Collision repairers prefer OEM for a variety of reasons. Some customers are reportedly surprised to find they traded lower premiums for non-OEM parts. Leases might penalize lessees for returning a car with non-OEM parts.

So what happens when an aftermarket part manufacturer announces a recall, or CAPA or NSF announce a decertification? Does the insurer who pushed for the part notify the policyholder? (Find out CAPA and NSF’s notification policies in these situations here and here.)

We put these questions over the summer to the 11 leading national insurers, from No. 1 State Farm to No. 11 Travelers (once you combine AAA’s segments, it moves up to No. 10.)

Some responded, some didn’t, and we appreciate all of those who did. Travelers referred us to the Insurance Information Institute; we’ve included the III answer as well.

Here’s what they had to say.


“Allstate uses CAPA certified non-structural aftermarket parts and we evaluate any issues with parts on a case-by-case basis.”


As part of its sourcing process, Farmers Insurance® utilizes aftermarket crash parts that are certified by either CAPA or NSF.  Farmers does not purchase any parts directly, but it does issue payment to either the repair shop or the consumer based on the vehicle’s damage appraisal, and that appraisal includes the cost of parts required for vehicle repair. Farmers vehicle damage appraisals do list the sourcing location for each part, however repair shops have the option of purchasing parts from their own vendors at competitive prices.

As Farmers does not directly purchase parts or control repairs, Farmers does not track parts, lot numbers or part manufacturers. That information may be identified at the distributor level as distributors do possess records for part type, lot number and purchaser.

When Farmers is contacted by a repair facility or a consumer, it does provides assistance in the investigation of claims involving decertified aftermarket parts. In the event that Farmers is made aware of a part that is not the equivalent of the original equipment manufacturer’s part, in terms of kind, quality, safety, fit or performance, then Farmers does comply with state requirements regarding distributor notification.

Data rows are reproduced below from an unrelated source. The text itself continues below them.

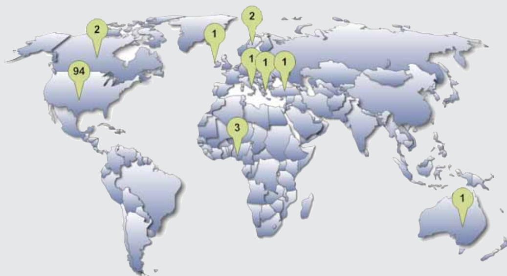
The ATS Foundation has provided grant support to investigators throughout the world to combat the universal burden of lung disease. Markers reflect number of grants awarded by country between 2002–2011.

Today, the Foundation’s ultimate goal is to eliminate the many lung, critical care, and sleep-related illnesses that shorten or diminish lives. The pages that follow highlight how the ATS Foundation Research Program is uniquely situated to make enormous progress in reversing these disease trends. To succeed in our efforts, we must have a strong research enterprise—here in the United States and around the world—and your support.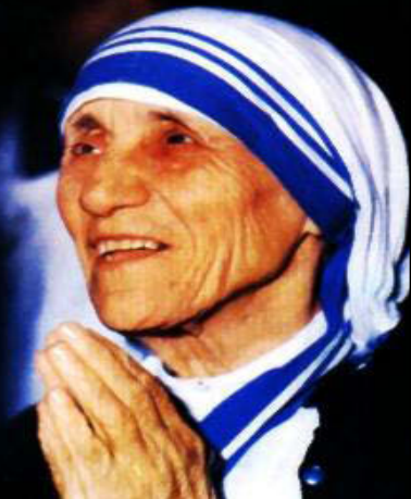
Feast Day Tue 5th Sept.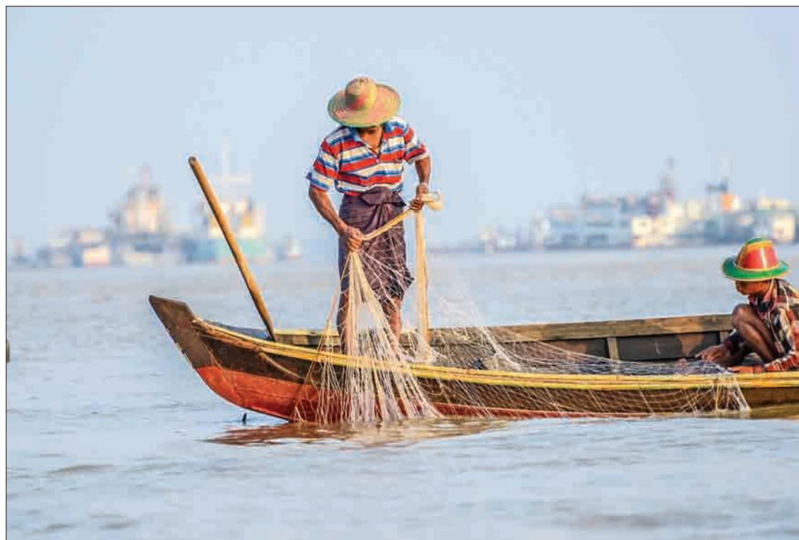
On receiving the government’s approval, fish and prawn farming zones will be established, in cooperation with the related regional and state governments.

ture, Livestock and Irrigation Dr Aung Thu said on 8 March that the fishery sector will be given second priority after rice. The agriculture ministry will also establish plantations of export-marketable crops.

“The independent, non-profit Certified Automotive Parts Association (CAPA) rigorously inspects generic auto parts to assure that the parts meet its standards. Certified parts that no longer meet the standards to which they are certified are subject to decertification. In addition to its certified part listings, CAPA makes its decertified part listings available to the public on its website as well as through a weekly email distribution for anyone who wants to sign-up for them through CAPA’s website.”

“If you need additional information from us, our Issues Update paper is here:


“Aftermarket parts were developed as an appropriate alternative to the high cost of original equipment manufacturer (OEM) parts. According to the Quality Parts Coalition, this option benefits consumers by providing an equally effective, safe and lower-cost parts alternative, leading to lower repair costs and lower insurance costs. Nationwide believes consumers deserve this choice and opposes laws that require original equipment manufacturer parts (OEM) to be used when making auto repairs.

“As you stated, Nationwide guarantees to repair any defects on all aftermarket parts specified on an appraisal and used in the repair of a customer’s vehicle for as long as the customer owns or leases that vehicle. Also, in exchange for added premium, Nationwide offers members optional additional coverage that allows for use of new OEM parts in the repair of damaged vehicles. Customers may also choose to pay the difference between the approved specified alternative part and the OEM part.

“The selection of parts on a repair estimate is based on several factors, not simply the type and/or price.  Some of those additional factors may include certification/validation, availability, delivery time to the repair location and several others. Ultimately, the parts used in the repair of a vehicle is a decision between the vehicle owner and repair facility.  Nationwide does not repair vehicles, nor does Nationwide purchase parts for the repair.

“Additionally, Nationwide does not utilize any non-OEM parts targets as part of its relationships with its direct repair network.

“With respect to decertification and/or quality, the potential for this is not specific to aftermarket parts.  There have also been several recent, ongoing, and growing recalls involving original equipment parts.  Generally speaking, many part distributors track part lots and sales to repair facilities and could connect part sales to shops/vehicles.  Again, insurer’s don’t repair vehicles or purchase parts, and as such their attempts could not identify/guarantee which parts were actually purchased and used in the repair.

“My recommendation would be that you look at the repair industry holistically from a perspective of who actually purchases and applies any type of part, as your questions should apply to several part types and not just aftermarket parts.”

State Farm

“State Farm has nothing further to share with RDN at this time.”

Featured image: Thanks again to all the insurers which responded. (SoberP/iStock)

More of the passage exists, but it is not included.